Provided data:
####################

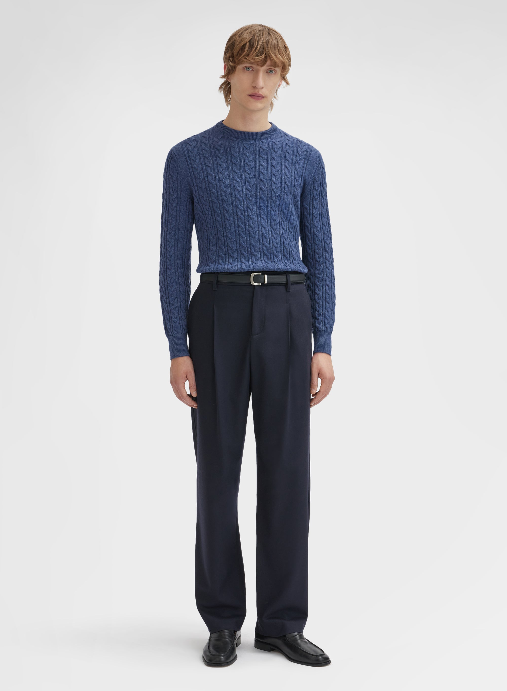 LONG SLEEVE CREWNECK CASHMERE TRECCIA BLUE STONE
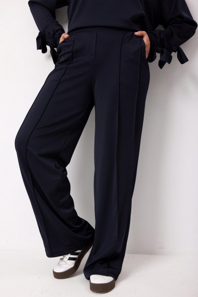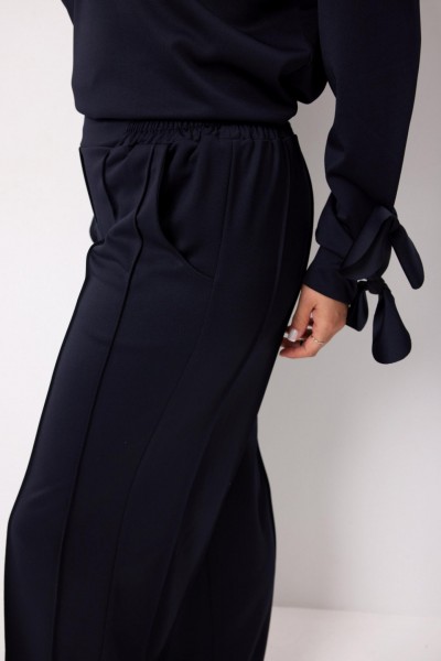 Трикотажные брюки из струящегося тактильно приятного трикотажа просто незаменимы в повседневном гардеробе модницы, которая ценит комфорт и свободу движений. Насыщенные модные цвета позволят создать множество сочетаний для Ваших образов. Брюки свободного кроя с притачным поясом на резинке с островком. Спереди и сзади расположены две застроченные стрелки. Это конструктивное решение позволяет сделать посадку идеальной и визуально удлинить ножки. По бокам брюк - карманы хулиганы. Низ обработан подгибкой.
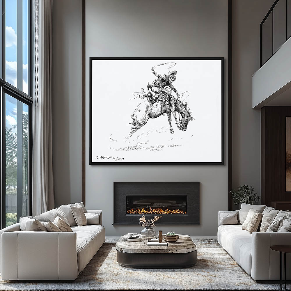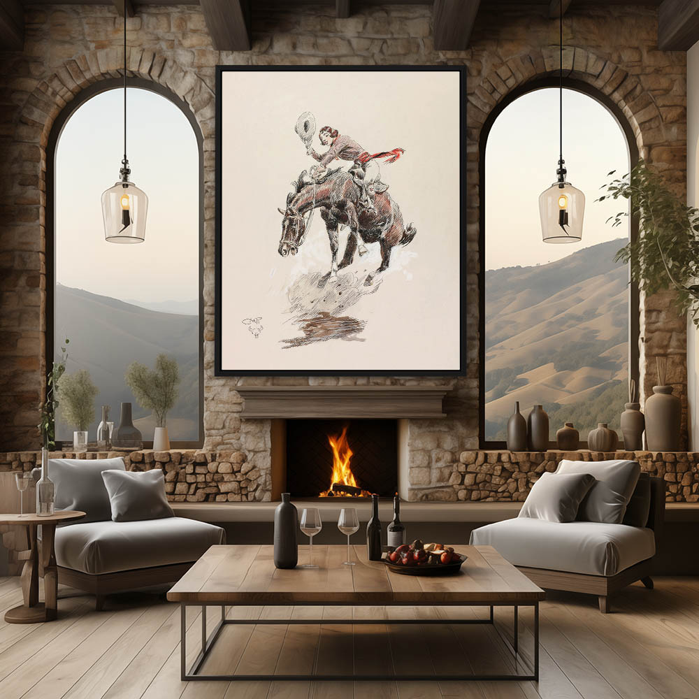Sketch of a cowboy riding a bucking horse
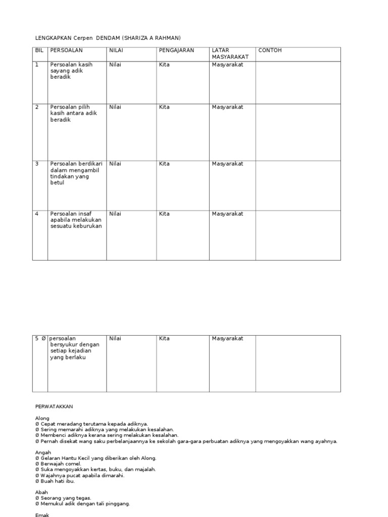Rencana 173 Tema Dan Persoalan Dalam Cerpen Dendam | Waktu Solat …
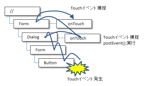 しかし、はじめからButtonにフォーカスがあるときGetFocusは発生しません。 また、onGetFocusイベントハンドラ内で、ユーザ定義イベントを発行したとき、Touchイベントとユーザ定義イベントのどちらが先にイベントキューに格納されるかは不定です。 これは、Touchイベントの発生要因となる、マウスボタンを離す操作と、CRSスクリプトの実行でpostEventメソッドを実行する処理で、 どちらが先に行われるかを決定する事ができないためです。

####################

Exercise requirements:
Copy exactly the lines running from the line with "Rencana 173 Tema" to the final line of the listing, keeping both ends and dropping any picture.

Response to this task:
Rencana 173 Tema Dan Persoalan Dalam Cerpen Dendam | Waktu Solat …
 しかし、はじめからButtonにフォーカスがあるときGetFocusは発生しません。 また、onGetFocusイベントハンドラ内で、ユーザ定義イベントを発行したとき、Touchイベントとユーザ定義イベントのどちらが先にイベントキューに格納されるかは不定です。 これは、Touchイベントの発生要因となる、マウスボタンを離す操作と、CRSスクリプトの実行でpostEventメソッドを実行する処理で、 どちらが先に行われるかを決定する事ができないためです。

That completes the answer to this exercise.